Supplied material section start

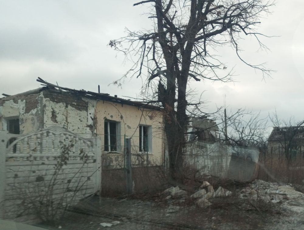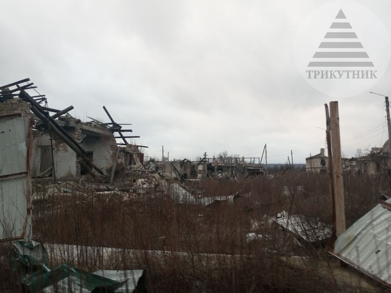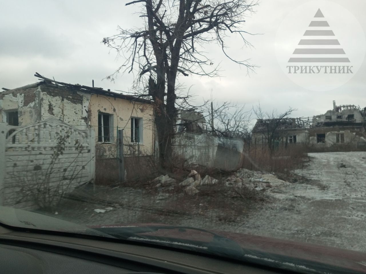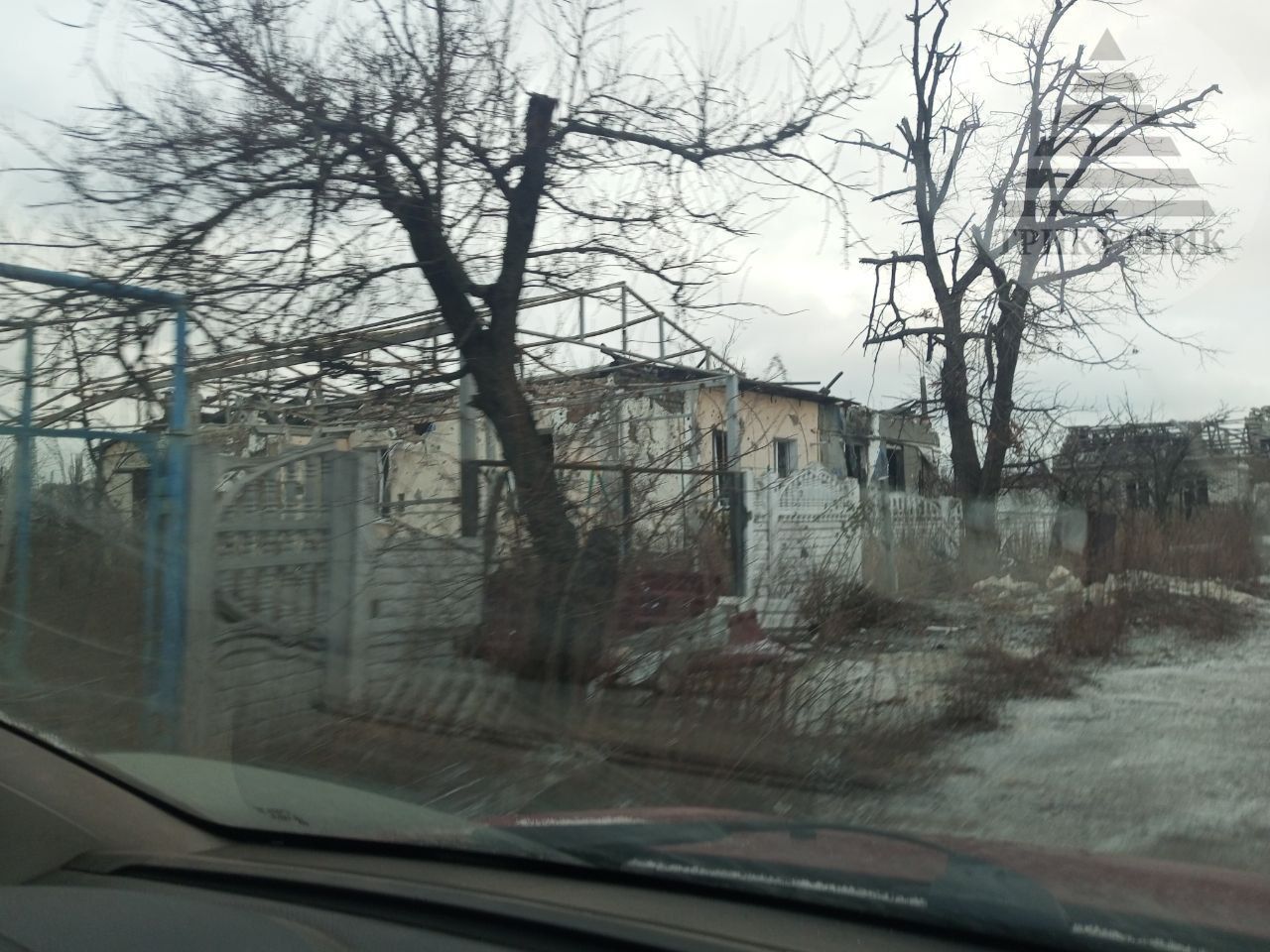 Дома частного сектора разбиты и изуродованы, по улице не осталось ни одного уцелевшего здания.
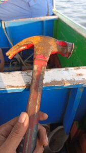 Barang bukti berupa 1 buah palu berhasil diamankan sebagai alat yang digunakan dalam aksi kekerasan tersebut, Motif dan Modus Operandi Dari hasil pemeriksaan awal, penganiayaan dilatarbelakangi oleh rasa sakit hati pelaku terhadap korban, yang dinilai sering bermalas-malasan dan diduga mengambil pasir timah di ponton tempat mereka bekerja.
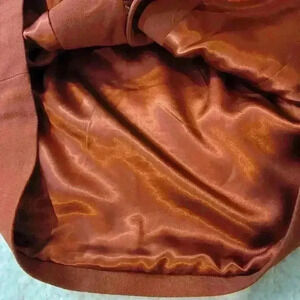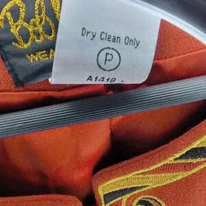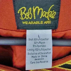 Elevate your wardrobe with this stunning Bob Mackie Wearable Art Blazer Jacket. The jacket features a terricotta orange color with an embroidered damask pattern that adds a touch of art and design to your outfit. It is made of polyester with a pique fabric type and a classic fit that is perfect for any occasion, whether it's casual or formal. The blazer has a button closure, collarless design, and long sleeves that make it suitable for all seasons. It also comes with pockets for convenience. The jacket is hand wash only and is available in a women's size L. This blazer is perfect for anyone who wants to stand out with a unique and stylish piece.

Supplied material section end

Exercise details:
Your task is to restate word for word the lines from the top of the data to the line containing "Barang bukti berupa", both ends included, with every picture left out.

Answer to this problem:
 Дома частного сектора разбиты и изуродованы, по улице не осталось ни одного уцелевшего здания.
 Barang bukti berupa 1 buah palu berhasil diamankan sebagai alat yang digunakan dalam aksi kekerasan tersebut, Motif dan Modus Operandi Dari hasil pemeriksaan awal, penganiayaan dilatarbelakangi oleh rasa sakit hati pelaku terhadap korban, yang dinilai sering bermalas-malasan dan diduga mengambil pasir timah di ponton tempat mereka bekerja.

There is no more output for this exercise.